Local governments rely heavily on transfers from higher-level governments to fill the expenditure-revenue gap. In the Chinese cascading fiscal transferring system, each upper-level government disburses substantial transfers to its subordinate governments. The central and provincial governments are the major sources of such transfers. Nevertheless, information on the transfers within provinces is not publicly available, so we focus on the transfers from the central government to all subnational governments. The ratio of the central government’s transfers to subnational governments’ expenditure was 22 percent in 2000, rose to a peak of 39 percent in 2009, and then declined slowly to 33 percent in 2018 (figure 10.4, panel a). However, there was still a substantial unfilled gap after 2015, which reached nearly 11 percent of subnational expenditure in 2018, posing a risk of rising subnational government debt. The unfilled gap was quite small before 2015, and negative before 2010.

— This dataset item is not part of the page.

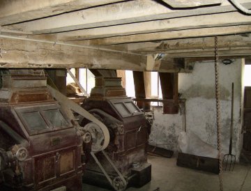 Twee koppels maalstenen (1 natuur- en één kunststeenkoppel) op de verdieping.

Panel b of figure 10.4 shows the situation of counties for which information was available between 1999 and 2007. Counties were responsible for 42 percent of total government expenditure in 2007 and received 23 percent of total government revenue. The expenditure-revenue gap was about 45 percent of counties’ expenditure in 2007, increasing from 34 percent in 2000. Transfers were important in filling some of the gap, but they were not sufficient before 2005. As a result, counties ran deficits or resorted to raising extra-budgetary funds to make ends meet. After 2005, with governments above counties taking more responsibility for education financing, the situation for counties improved. Transfers started to exceed the gap and reached 49 percent of counties’ expenditure in 2007.